ドルチェ&ガッバーナ、限定NFTコミュニティ「DGFamily」設立へ

 イタリアの人気ファッションブランドDolce&Gabbanaが、独自のNFTを活用した限定コミュニティ「DGFamily」を設立した。コミュニティには、特定のNFTを購入することで入会できる。

 DGFamilyは、メタバース上の新たなファッション体験をユーザーへ提供することを目的に設立された。入会することで、限定NFTだけでなく現実世界のファッションアイテムをもらうこともできるという。

 入会するには、DGFamily Boxesという特定のNFTを購入する必要がある。DGFamily Boxesは、3種類のレアリティに分類されており、それぞれ提供されるグッズに違いがあるようだ。

 最もレアリティの高いNFTを購入したユーザーには、リアルイベントへの招待券が送られてくるという。NFT・メタバースと現実世界を融合した最先端の取り組みであると言えるだろう。

 昨年からのNFTの盛り上がりを受け、最近は単なる売買にとどまらず、NFTを会員権として利用するなどの取り組みが増えてきた。今週は、NFTとコミュニティの関係性について考察したい。

参照ソース

ウクライナDAOが発足

 ロシアによるウクライナへの侵攻を受けて、支援金を集めるために自律分散型組織(DAO)が発足した。「ウクライナDAO」と呼ばれ、すでに3億円近い支援金が集められている。

 ウクライナDAOは、プーチン大統領に批判的な見解を示す政治活動家のNadya Tolokonnikova氏が主導。Trippy LabsとPleasrDAOのメンバーと共に設立した。PleasrDAOは、特定のNFTを購入するために組成された投資型DAOだ。

 ウクライナDAOでは、イーサリアム(ETH)で資金を調達し、資金提供者にはウクライナの国旗をNFT化したデジタルデータが付与される。NFTは計1万枚が生成される予定であり、現在までに1800名以上が参加している。

 昨今は、特定の目的を果たすためにDAOが設立されるケースが増えている。PleasrDAOのように、特定のNFTを購入するためのDAOも一般的となっており、合衆国憲法の原画を競り落とすために設立されたConstitutionDAOも有名だ。

 スマートコントラクトによって契約や実行が全て制御されるため、いちいち法人設立せずとも資金や人材を集めることができる。

参照ソース


    Pussy Riot Founder, Trippy Labs, PleasrDAO Members Launch 'Ukraine DAO'
    [Decrypt

今週の「なぜ」コミュニティにとってNFTはなぜ重要か

 今週はDolce&Gabbanaの限定コミュニティやウクライナDAOに関するトピックを取り上げた。
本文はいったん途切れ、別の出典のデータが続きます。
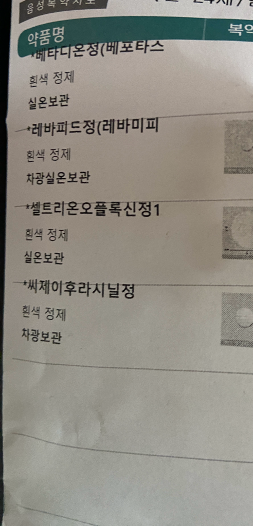 피부과액에서 레바피드만 빼시면 되겠습니다.
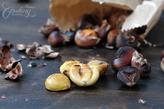 -Bí quyết để dễ bóc vỏ hơn là chúng ta có thể cho hạt dẻ đang nóng vào một túi vải rồi ủ trong 10 phút, lớp vỏ bên ngoài sẽ mềm mà ruột bên trong vẫn còn giòn, nóng.
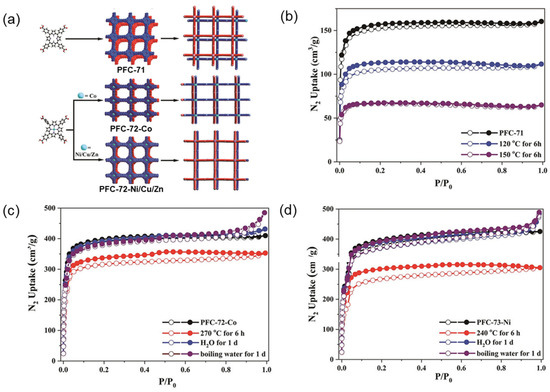 (a) Schematic structures of PFC-71, PFC-72-Co, and PFC-73-Ni/Cu/Zn; (b) N2 adsorption isotherm (77 K) of PFC-71 after different treatments; (c) N2 adsorption isotherm of PFC-72 after different treatments; (d) N2 adsorption isotherm of PFC-73 after different treatments [136].
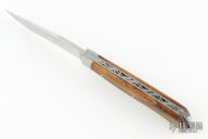 Handle: 1st choice patterned pistachio wood from southern France. The Savoy decoration is made with inlayed wires around the central pin of the handle.
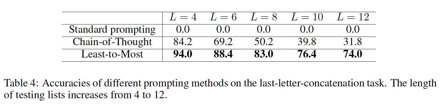 当测试列表与 prompt exemplars 中的列表具有相同的长度时,chain-of-thought prompting 做得很完美。然而,当测试列表比 prompt exemplars 中的列表长很多时,它的表现就很差。我们表明,least-to-most prompting 克服了这一限制,在长度泛化方面明显优于 chain-of-thought prompting 。
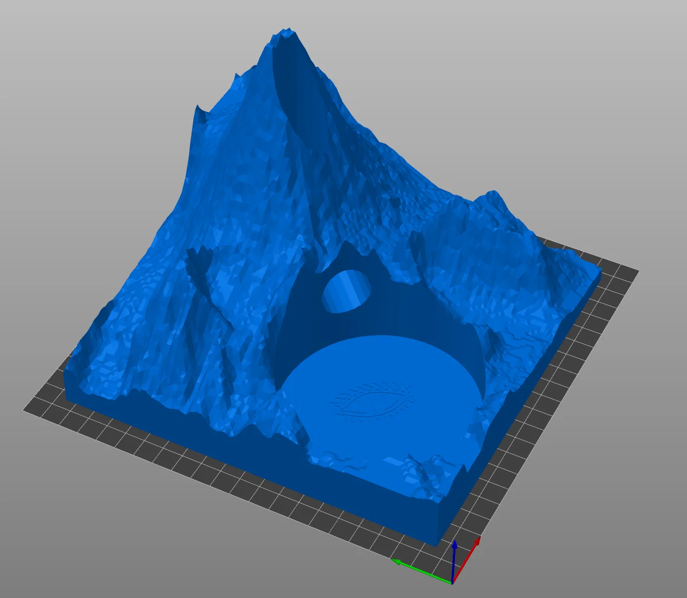 Đây là thiết kế đầu tay của mình, mình đã lấy mô hình địa lý thực tế của núi Mount Doom trong bộ ba phim LOTR, chính là ngọn núi Ngauruhoe hùng vĩ tại New Zealand, rồi biến nó thành một tháp đổ xúc xắc (dice tower)! Đặc biệt hơn, mình còn dập nổi hình Con mắt của Sauron từ lá cờ của Mordor lên trên đó nữa.
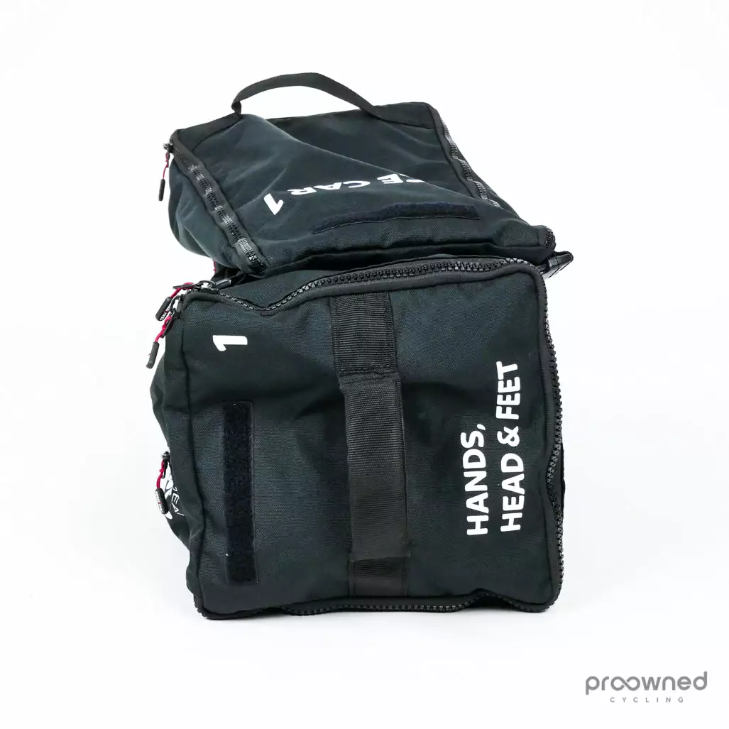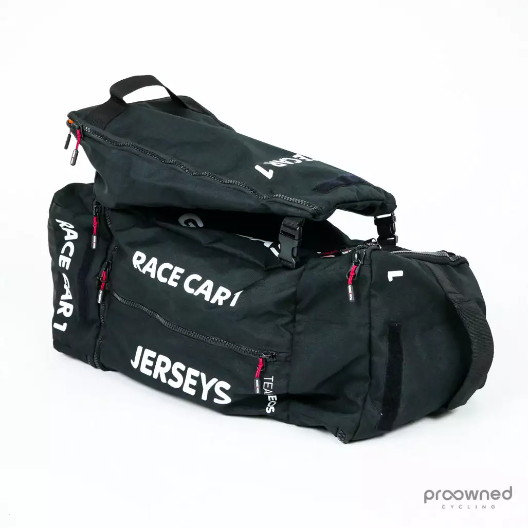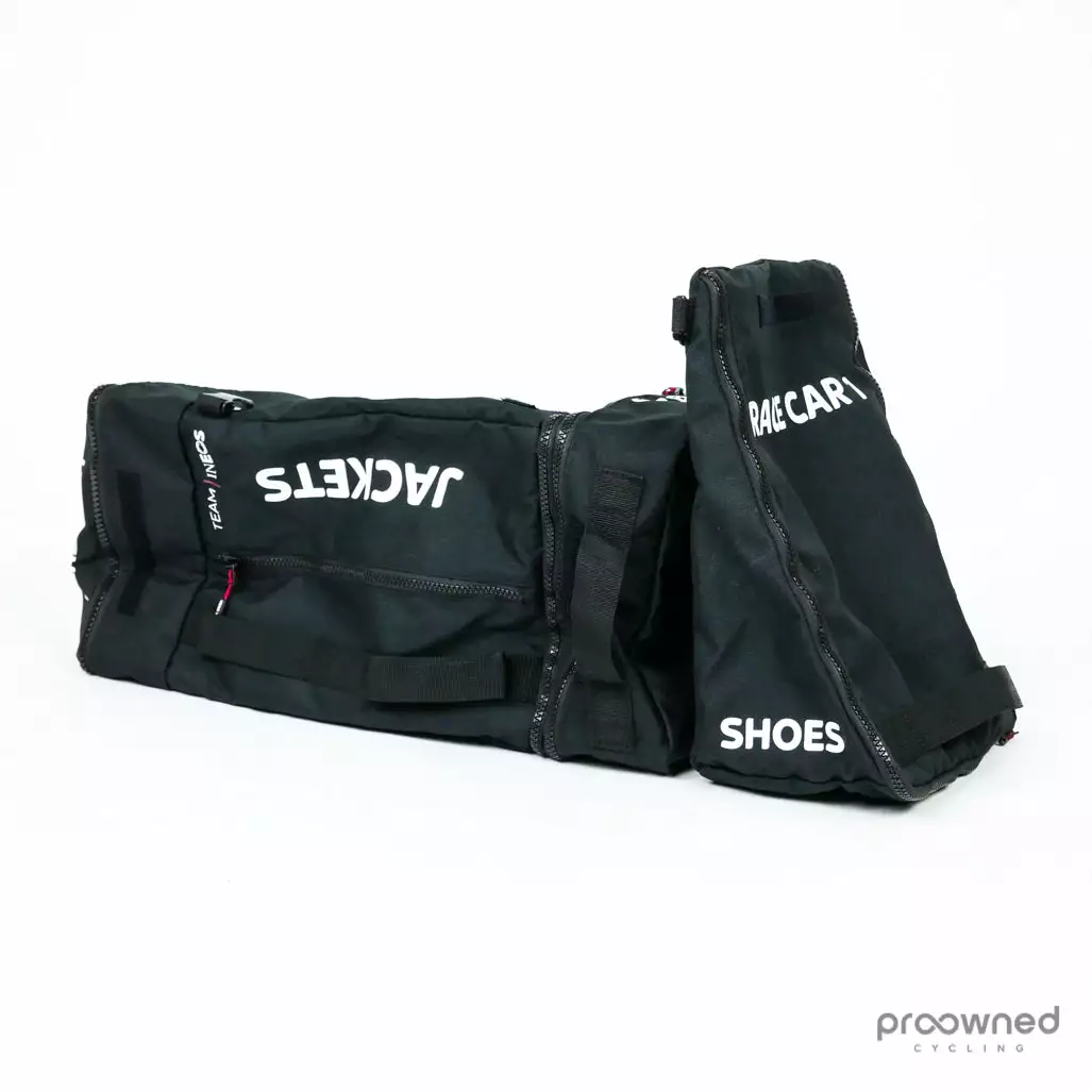 The race rain bags are used by the team for races and are stored in the team car behind the peloton. The race bag is used for essentials for each rider to use during a race.

ここからは、なぜ重要なのか、解説と筆者の考察を述べていく。

【まとめ】

NFTを単なる売買対象にとどめず、デジタル上の権利として使用するケースが増加
NFTを使えば煩雑な本人確認プロセスを省くことができる
NFTを使ってリアルとバーチャルの融合が可能

 それでは、さらなる解説と共に筆者の考察を説明していこう。

NFTはデジタル上の権利として使用される

 NFTと言えば高値で売れるというイメージが先行し、単なる売買ばかりが目立ってしまっている。もちろん、コピーできない(厳密にはコピーしたことが容易に検証できる)デジタルデータにアート的な価値を見出す側面も理解できる。
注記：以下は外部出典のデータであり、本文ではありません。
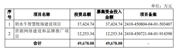 百菲乳业本次公开发行不超过5,516.7467万股,不低于发行后公司股本总额的25.00%,本次发行不涉及公司股东公开发售股份。百菲乳业原拟募集资金49,678.08万元,分别用于奶水牛智慧牧场建设项目、营销网络建设和品牌推广项目。
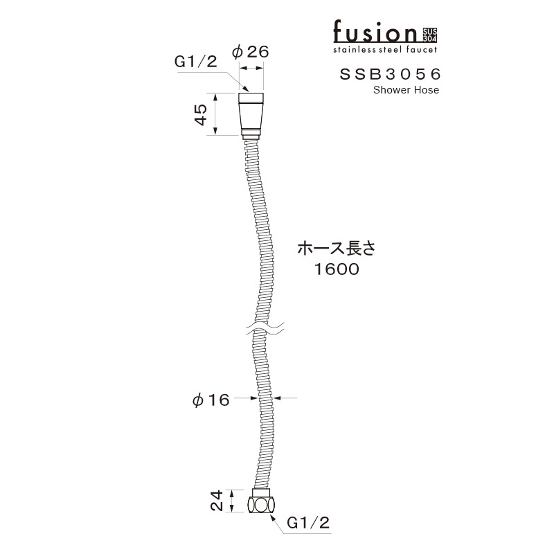 最高使用温度60度の耐久性に優れたステンレス製ジャバラホースです。fusionのハンドスプレーやfusionのシャワーヘッド、国内メーカー製のシャワーヘッドなどにお使い頂けます。取付金具は回転式のためホースがねじれにくい仕様です。
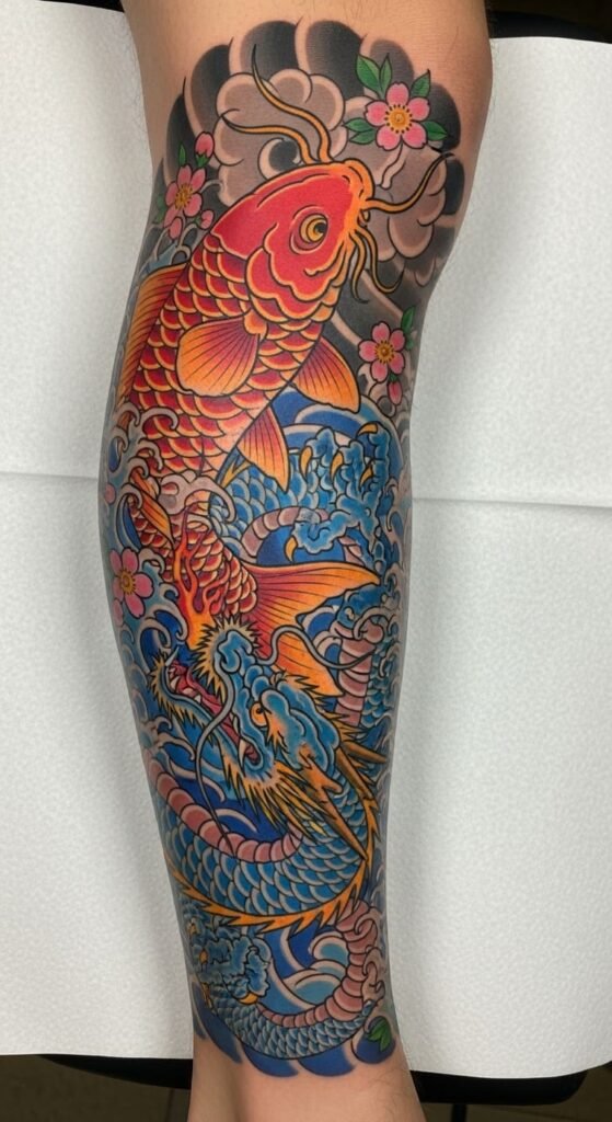 Japanese styles with koi or dragons make your calf stand out. These use colorful details for a cultural twist. Practice drawing fish shapes with pencils at your desk. Seek out artists with package deals for these themes. Bold this: Japanese motifs add depth affordably. Keep it practical: Pick a design that fits your story. Place it lower on the calf for discretion. Use books or sites for free ideas. This DIY prep saves time and money. Go for black and gray to cut costs. Share your thoughts with the expert. You’ll get a tattoo that’s both cool and personal.
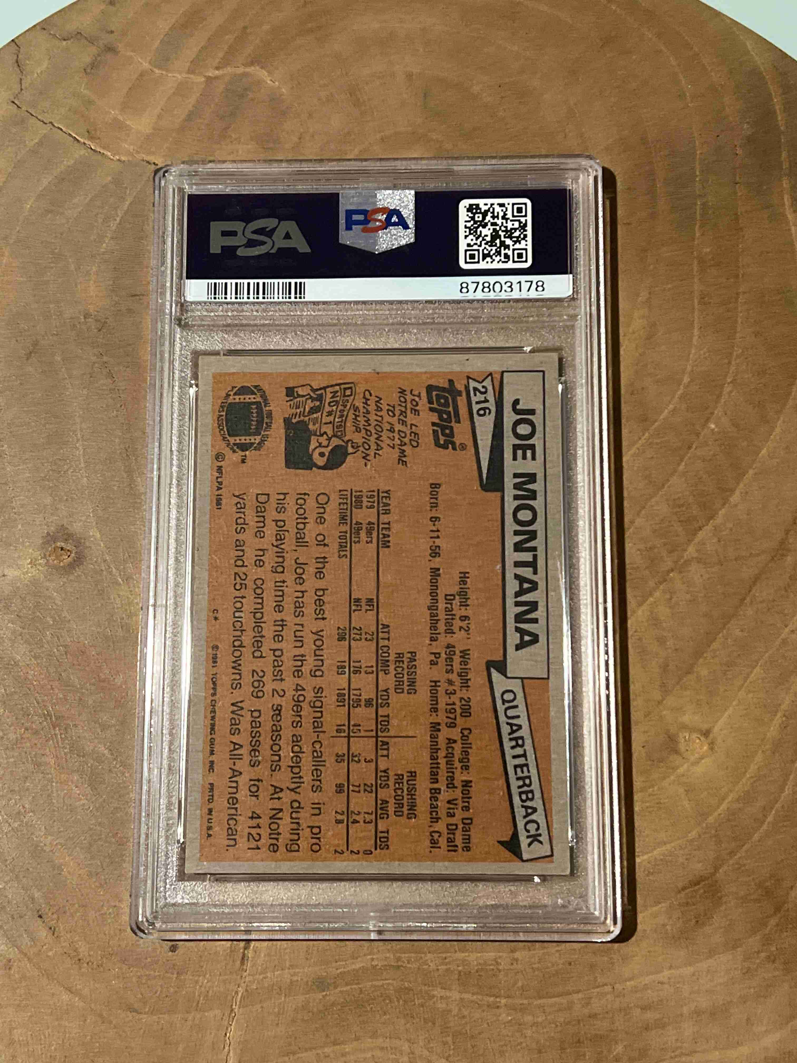 JOE MONTANA 1981 TOPPS RC (PSA 6)
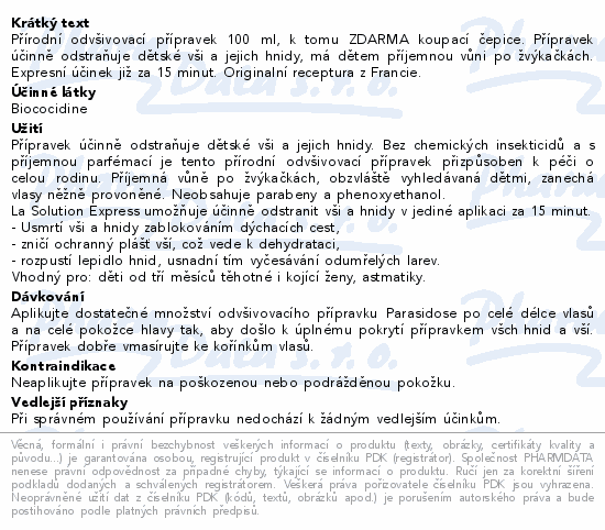 Přírodní odvšivovací přípravek 100 ml, k tomu ZDARMA koupací čepice. Přípravek účinně odstraňuje dětské vši a jejich hnidy, má dětem příjemnou vůni po žvýkačkách. Expresní účinek již za 15 minut. Originalní receptura z Francie.
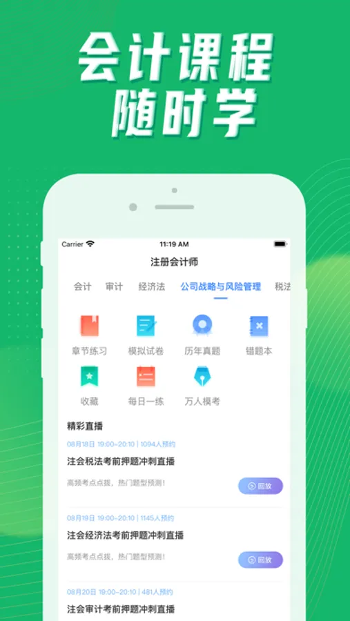 会计课程APP,专为会计学习考试设计的在线学习考试APP。
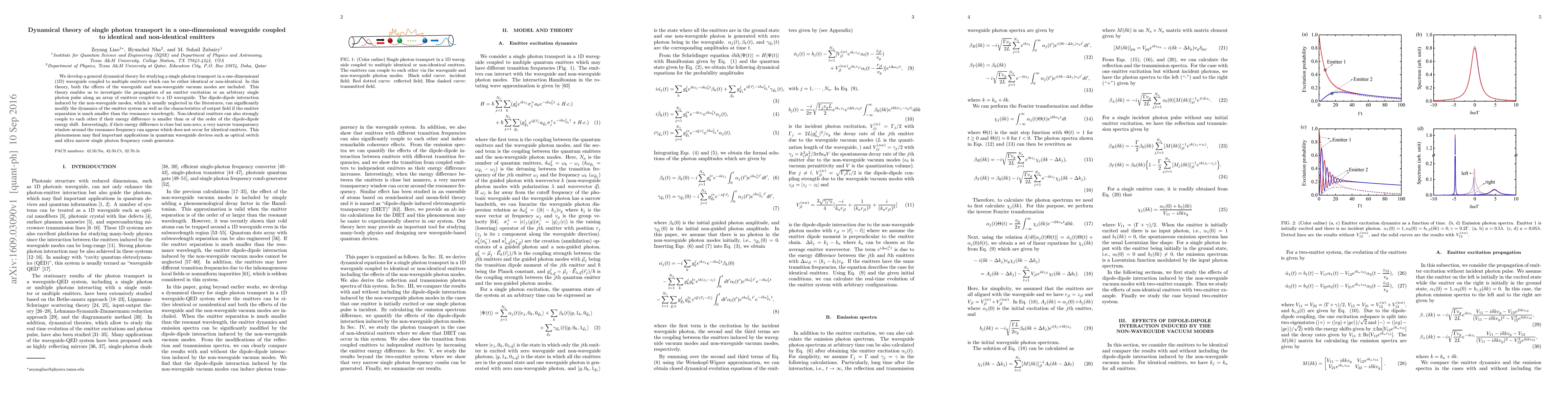 This paper presents a dynamical theory for single photon transport in a 1D waveguide coupled to identical and non-identical emitters, showing that dipole-dipole interactions affect the dynamics significantly when emitter separation is small. Non-identical emitters can exhibit unique transparency windows, potentially useful in quantum devices like optical switches and single photon frequency combs.

 一方で、昨今はNFTをデジタル上の権利として認識し、会員権のような使い方をする取り組みが増えてきた。今回のDolce&Gabbanaの例がまさに該当する。

 一般的な事例としては、特定のNFTを持っているユーザーだけが参加できるコミュニティ、ウェビナー、イベントなどが挙げられる。それらに参加するにはNFTを購入し、主催者側はウォレットアドレスを検証することで本当にNFTを持っているかどうかを簡単に確認可能だ。

Web3.0時代の検証方法

 「NFTを持っている人」というステータスを確認するのは、ブロックチェーンの仕組み上非常に簡単に行うことができる。ウォレットアドレスとNFTのIDを検証するだけで済むからだ。

 従来の方法でユーザーのステータスを確認する場合、例えばメールアドレスとパスワードを登録させて、メールアドレスが本人のものかどうか確認するために認証メールを送る必要があった。NFTを使えば、煩雑なプロセスを省略できるだけでなく、身元が特定されうる情報(メールアドレスなど)を不必要に提供しなくてよくなる。
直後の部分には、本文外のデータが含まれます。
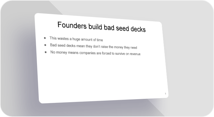 Founders build bad seed decks ● This wastes a huge amount of time ● Bad seed decks mean they don’t raise the money they need ● No money means companies are forced to survive on revenue 3 YC seed Page 2 Page 4
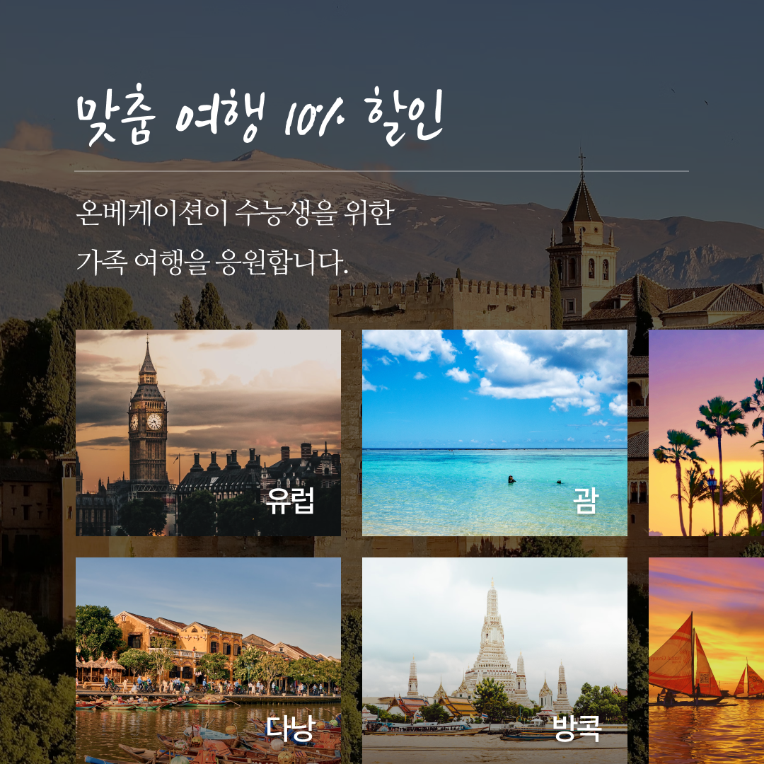 맞춤 여행 상담 받고 수능생 가족 할인 혜택까지 받아가세요 �
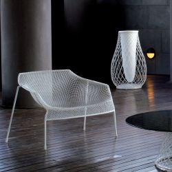 La struttura in acciaio verniciato si combina con seduta e schienale in acciaio, intrecciato come un tessuto.
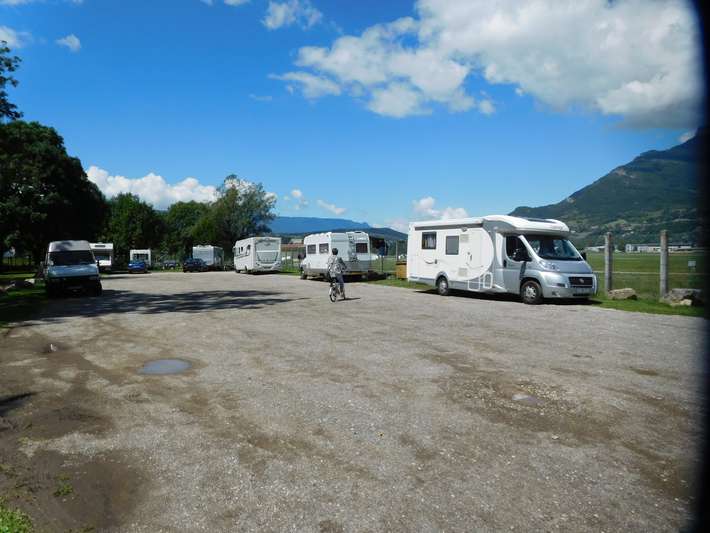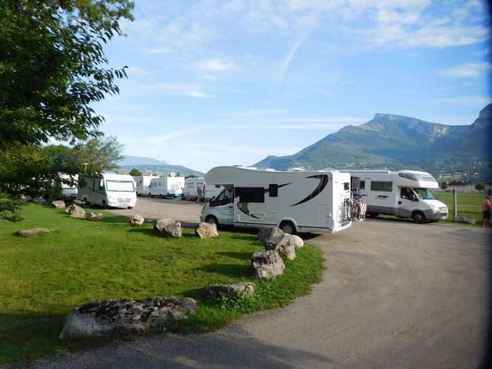 emplacement RV libre le long d'un petit terrain d'aviation pour les planeurs et les avions d'un moteur. Placez environ 14 campeurs. À la périphérie du village de Challes-les-Eaux et à 2 km. la distance de Chambéry. Les transports en commun pour lieu de camping-car.

 今回のDolce&Gabbanaの取り組みは詳細が明らかにされていないものの、コミュニティへの入会時に個人情報を取得せず、ウォレットアドレスだけで入会が完結することになるだろう。

リアルとバーチャルの融合

 今回のDolce&Gabbanaの例で秀逸だったのは、リアルとバーチャルをうまく融合させている点にある。用意された3つのレアリティを持つNFTでは、それぞれ特典が異なっており、高いレアリティを持つNFTほどリアルでの体験が重視されているように感じる。それぞれの特定は以下の通りだ。

1.The Black Box

  • 現物とNFTなどのデジタル上の特典
  • デジタル上のイベントへの参加券
  • 限定スワッグパック

2.The Gold Box

  • The Black Boxの特典
  • より希少性が高い現物とNFTなどのデジタル上の特典
  • リアルイベントへの参加券
  • プレミアム商品と限定スニーカー

3.The Platinum Box

  • The Gold Boxの特典
  • 最も希少性が高い現物とNFTなどのデジタル上の特典
  • 特別なリアルイベントへの参加券

 この点からは、どこまでメタバースが普及しようとも、現時点で人間が最も価値を感じるのはリアルでの体験だと、Dolce&Gabbanaは考えていると言えるだろう。